» Information given
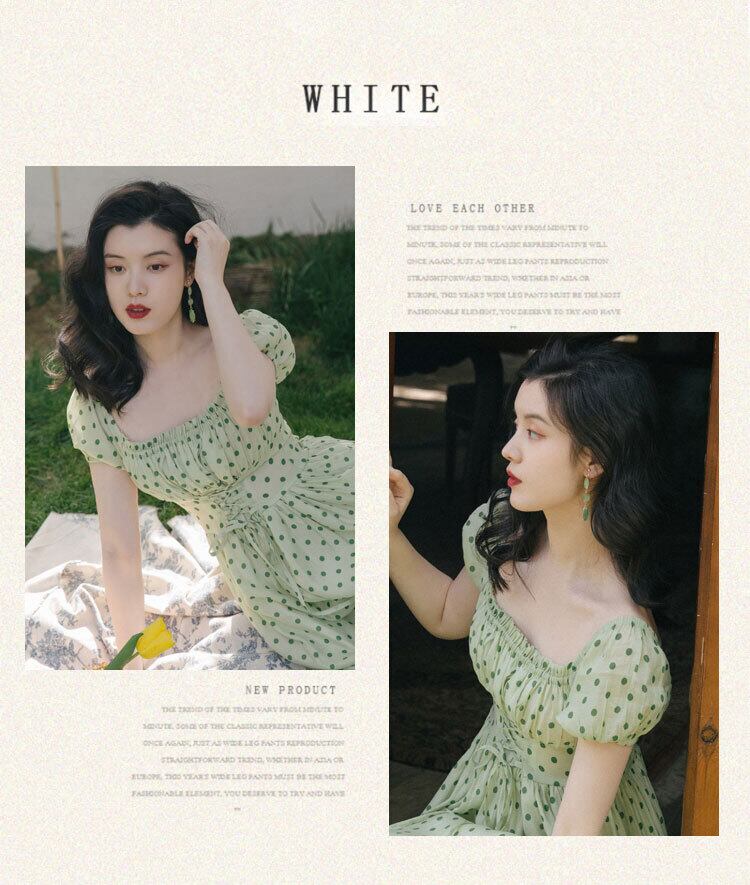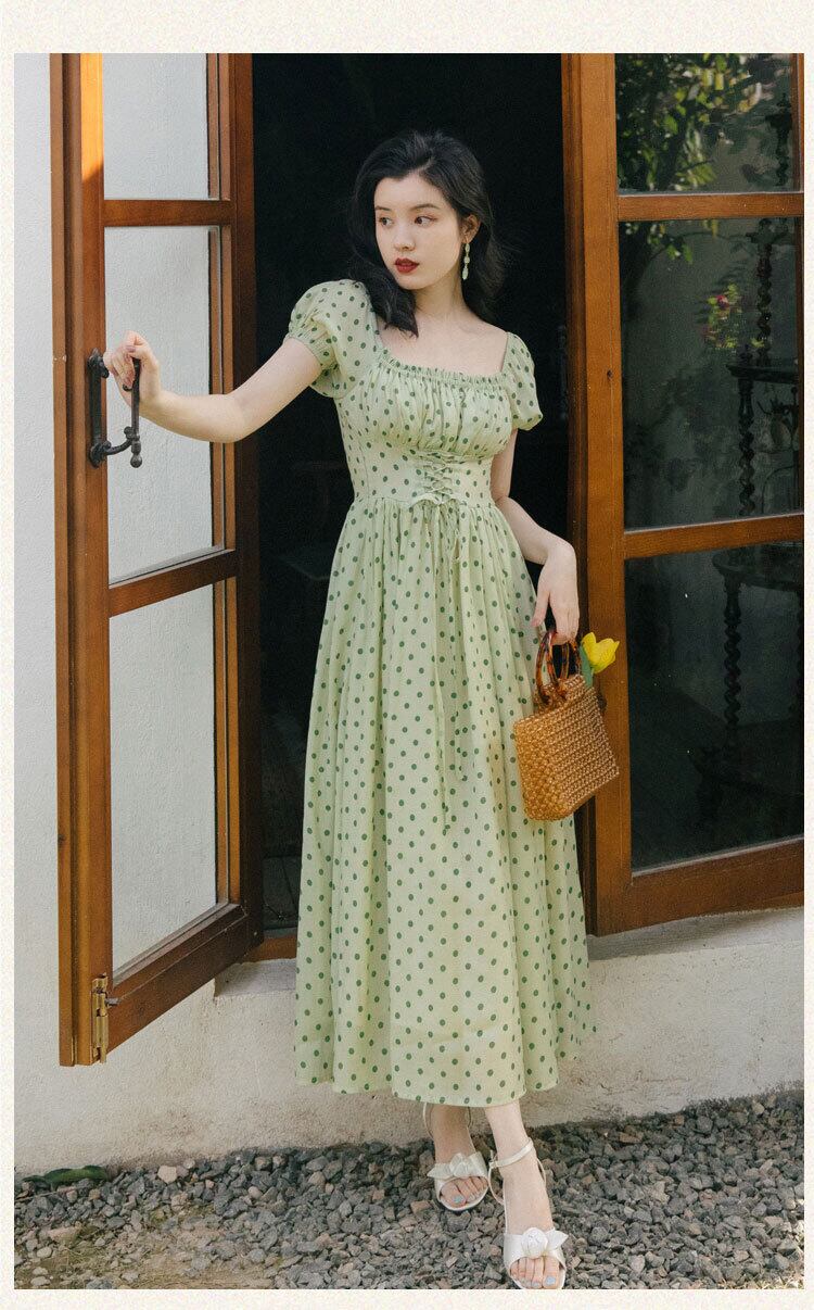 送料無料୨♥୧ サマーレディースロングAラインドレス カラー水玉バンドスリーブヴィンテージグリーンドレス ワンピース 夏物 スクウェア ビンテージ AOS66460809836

==

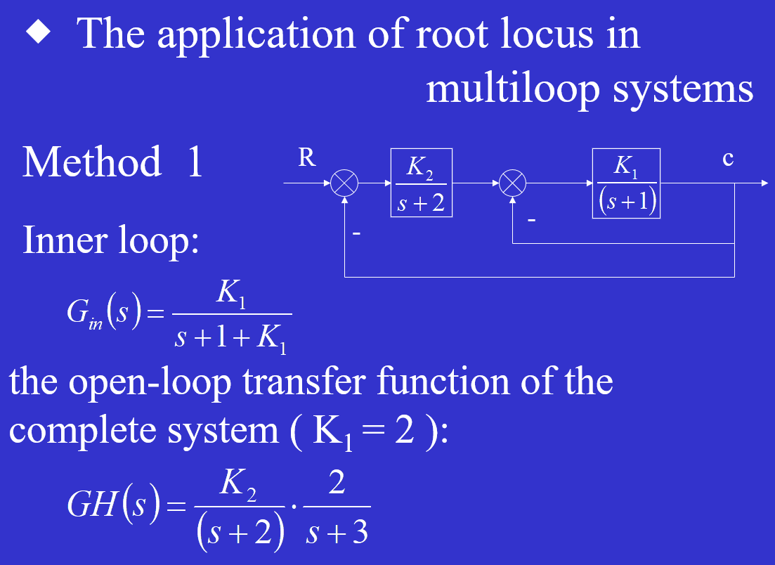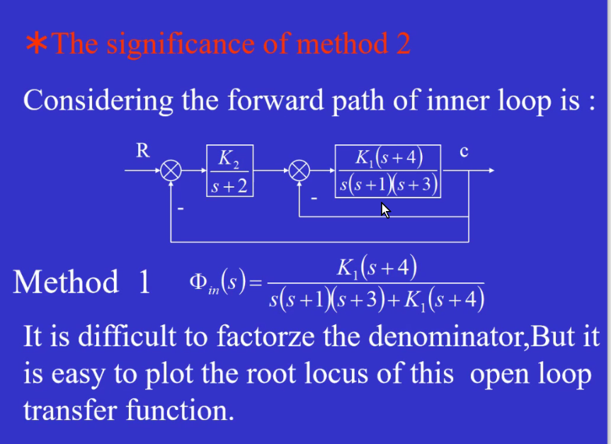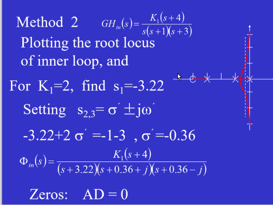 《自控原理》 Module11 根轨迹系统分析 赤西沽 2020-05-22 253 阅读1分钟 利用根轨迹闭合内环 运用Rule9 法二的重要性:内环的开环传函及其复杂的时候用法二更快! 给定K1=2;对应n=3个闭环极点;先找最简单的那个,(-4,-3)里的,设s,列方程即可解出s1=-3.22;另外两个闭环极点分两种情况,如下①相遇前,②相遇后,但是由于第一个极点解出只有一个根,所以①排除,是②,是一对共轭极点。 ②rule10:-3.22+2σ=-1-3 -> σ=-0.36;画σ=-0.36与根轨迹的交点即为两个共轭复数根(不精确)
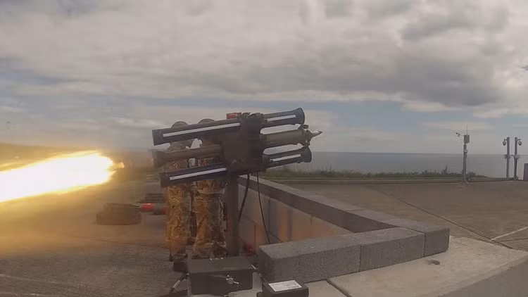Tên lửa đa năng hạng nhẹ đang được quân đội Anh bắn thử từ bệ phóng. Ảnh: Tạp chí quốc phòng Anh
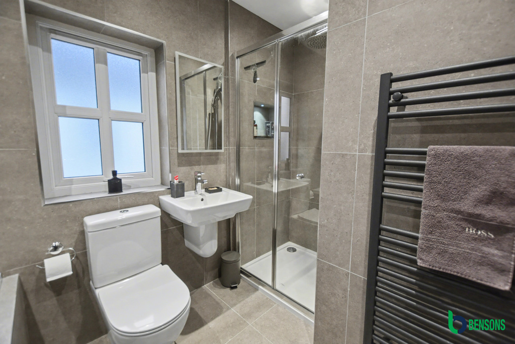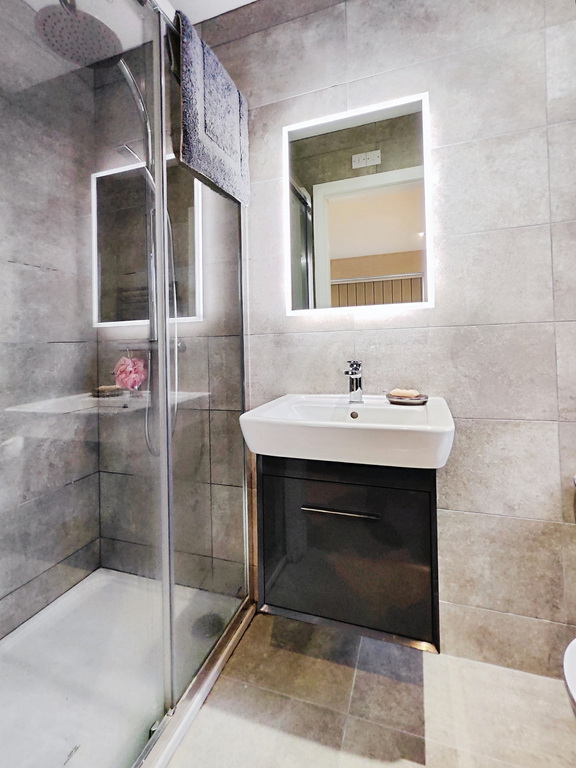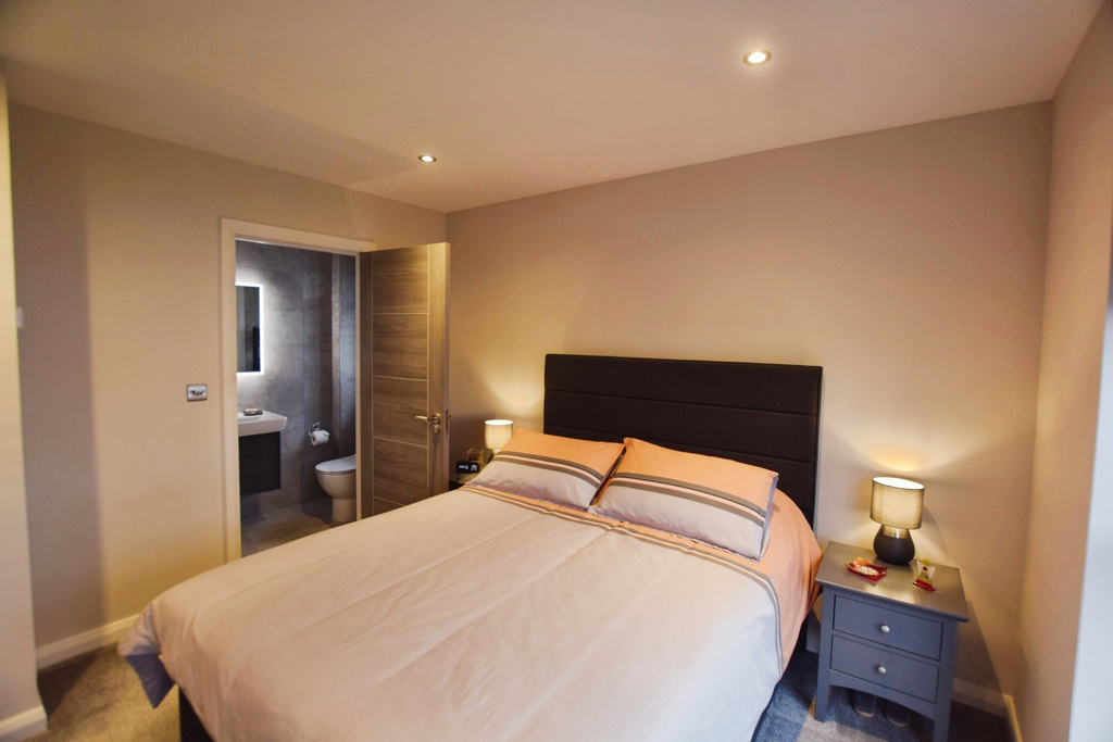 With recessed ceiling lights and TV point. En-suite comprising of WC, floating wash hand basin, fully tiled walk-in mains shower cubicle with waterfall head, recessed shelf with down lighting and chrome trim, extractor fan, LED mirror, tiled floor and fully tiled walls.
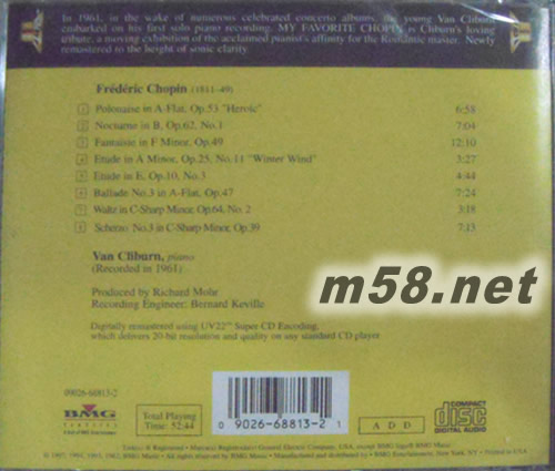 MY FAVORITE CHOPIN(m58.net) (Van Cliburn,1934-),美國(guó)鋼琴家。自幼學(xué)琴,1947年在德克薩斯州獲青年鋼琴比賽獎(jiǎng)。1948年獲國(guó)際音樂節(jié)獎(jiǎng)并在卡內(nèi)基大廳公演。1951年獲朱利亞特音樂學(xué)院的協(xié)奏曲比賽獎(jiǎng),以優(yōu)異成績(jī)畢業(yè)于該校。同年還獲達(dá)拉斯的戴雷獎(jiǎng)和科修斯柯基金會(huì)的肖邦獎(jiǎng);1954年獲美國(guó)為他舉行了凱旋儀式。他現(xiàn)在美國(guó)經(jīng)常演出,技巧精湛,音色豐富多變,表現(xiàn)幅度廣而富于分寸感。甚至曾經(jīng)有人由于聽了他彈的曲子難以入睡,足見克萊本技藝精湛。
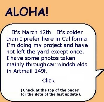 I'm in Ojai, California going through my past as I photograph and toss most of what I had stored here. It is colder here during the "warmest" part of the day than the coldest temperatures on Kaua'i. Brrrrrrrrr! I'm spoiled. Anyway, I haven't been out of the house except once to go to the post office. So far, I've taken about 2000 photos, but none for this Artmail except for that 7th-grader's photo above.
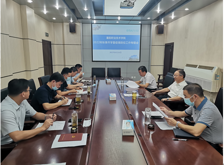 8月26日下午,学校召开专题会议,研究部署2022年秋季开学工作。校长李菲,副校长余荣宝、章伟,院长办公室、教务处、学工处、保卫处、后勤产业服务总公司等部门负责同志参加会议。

...

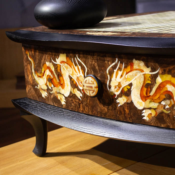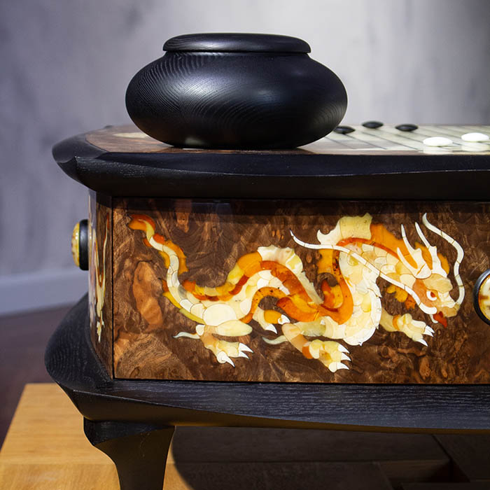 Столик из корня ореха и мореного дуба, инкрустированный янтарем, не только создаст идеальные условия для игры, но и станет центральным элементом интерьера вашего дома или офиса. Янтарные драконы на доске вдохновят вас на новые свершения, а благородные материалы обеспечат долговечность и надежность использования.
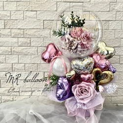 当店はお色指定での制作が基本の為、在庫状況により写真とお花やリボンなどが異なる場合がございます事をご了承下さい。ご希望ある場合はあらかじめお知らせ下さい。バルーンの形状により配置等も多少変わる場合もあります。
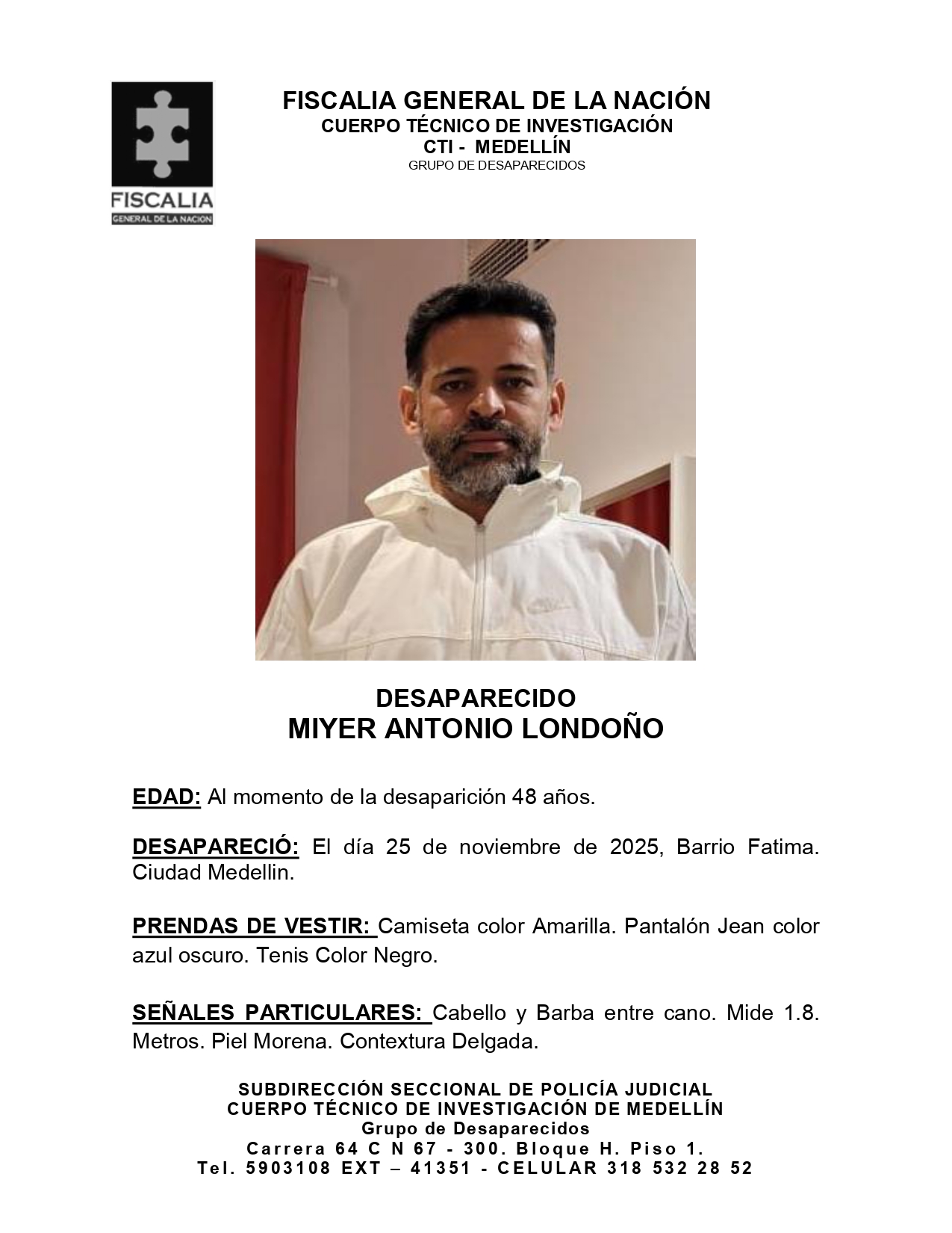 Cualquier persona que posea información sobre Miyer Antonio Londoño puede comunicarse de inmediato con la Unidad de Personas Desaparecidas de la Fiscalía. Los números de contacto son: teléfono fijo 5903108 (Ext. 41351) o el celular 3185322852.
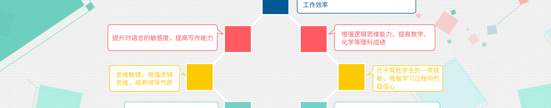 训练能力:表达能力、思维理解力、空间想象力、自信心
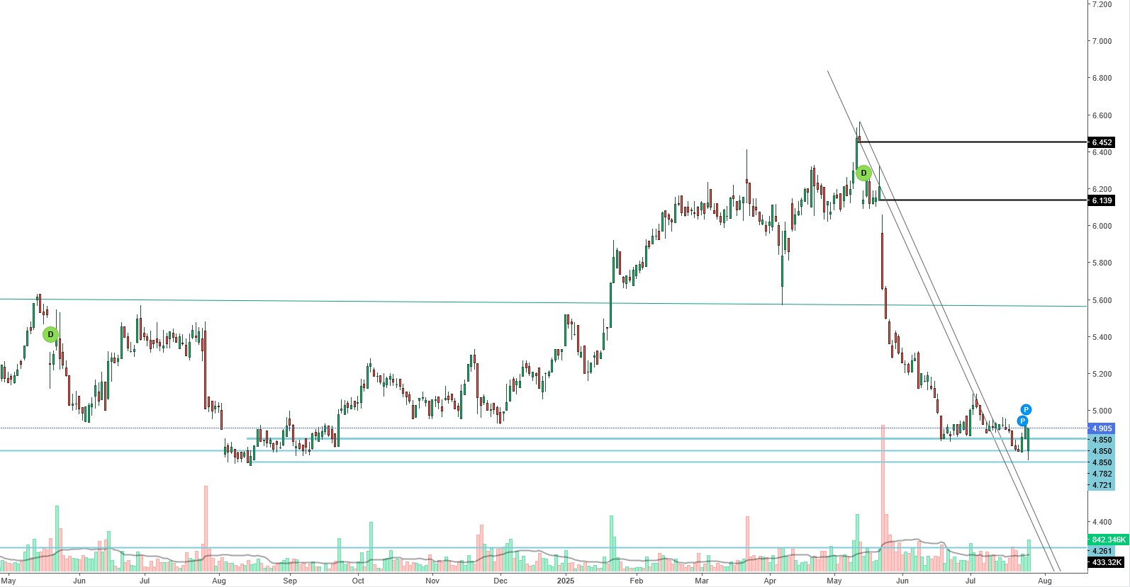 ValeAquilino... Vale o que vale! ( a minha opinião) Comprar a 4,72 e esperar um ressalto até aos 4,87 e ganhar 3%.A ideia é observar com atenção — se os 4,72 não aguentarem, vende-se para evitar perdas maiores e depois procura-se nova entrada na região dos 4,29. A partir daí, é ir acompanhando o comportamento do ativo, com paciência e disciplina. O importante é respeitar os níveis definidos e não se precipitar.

» Problem to work on
Pictures excluded, transcribe the listing above exactly from the line with "Cualquier persona que" through the line with "训练能力:表达能力、思维理解力、空间想象力、自信心", and no further.

» Worked solution
 Cualquier persona que posea información sobre Miyer Antonio Londoño puede comunicarse de inmediato con la Unidad de Personas Desaparecidas de la Fiscalía. Los números de contacto son: teléfono fijo 5903108 (Ext. 41351) o el celular 3185322852.
 训练能力:表达能力、思维理解力、空间想象力、自信心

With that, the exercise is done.